31 March 2008

N is for New Orleans-style jumbalaya

Okay, okay - the "N" moniker is a bit of a stretch. But honestly, there aren't that many foods starting with N. And regardless, this one turned out very well, thank you very much - the sort of smokey, down home cookin' that my mom's family used to make when we'd go and visit New Orleans. Wait - my mom's family are Jews from Bethesda. Ah well, I still thought it was good.

Ingredients

1/2 cup olive oil
1 package soyrizo
3 cups yellow onions, chopped
1 cup green and red bell peppers, chopped
1 tsp salt
1 tblsp chopped garlic
1
tblsp paprika
1 tsp cayene pepper
1 1/2 LBS boneless white and dark chicken meat, cut into 1-inch cubes
3 bay leaves
3 cups medium-grain brown rice
4 cups chicken stock.
1/2 pound shelled shrimp
1 cup green onions,
chopped
1/4 cup parsley chopped
1 28 oz. can of crushed, fire-roasted tomatoes

Preparation

Place oil in a large pot over medium heat, add soyrizo for 2 - 3 minutes.

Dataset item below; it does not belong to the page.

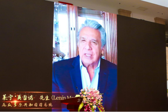 厄瓜多尔共和国前总统莱宁·莫雷诺通过视频致辞,他称赞北语为世界189个国家和地区培养了二十多万国际学生,将智慧之光洒向了世界的每个角落。他肯定北京语言大学与基多-圣弗朗西斯科大学的合作,希望未来各位同学带着在北语学习到的良好道德与品质,一同向善、同爱人类命运共同体,带着希望迈向前程。

Add onions, bell peppers, spices (except bay leaves). Sautee for 15 minutes, adding garlic after 10 minutes. Dust chicken with a little extra paprika, salt, and cayenne and add to pot. Brown for 8-10 minutes minutes. Add rice cook for 2-3 minutes. Add stock and crushed tomatoes, bay leaves stir and cover. Cook over medium heat for 30-40 minutes or until the rice is tender and the liquid is absorbed. Add shrimp during the last 5 minutes and cook until just pink. Remove the bay leaves. Stir in green onions and parsley.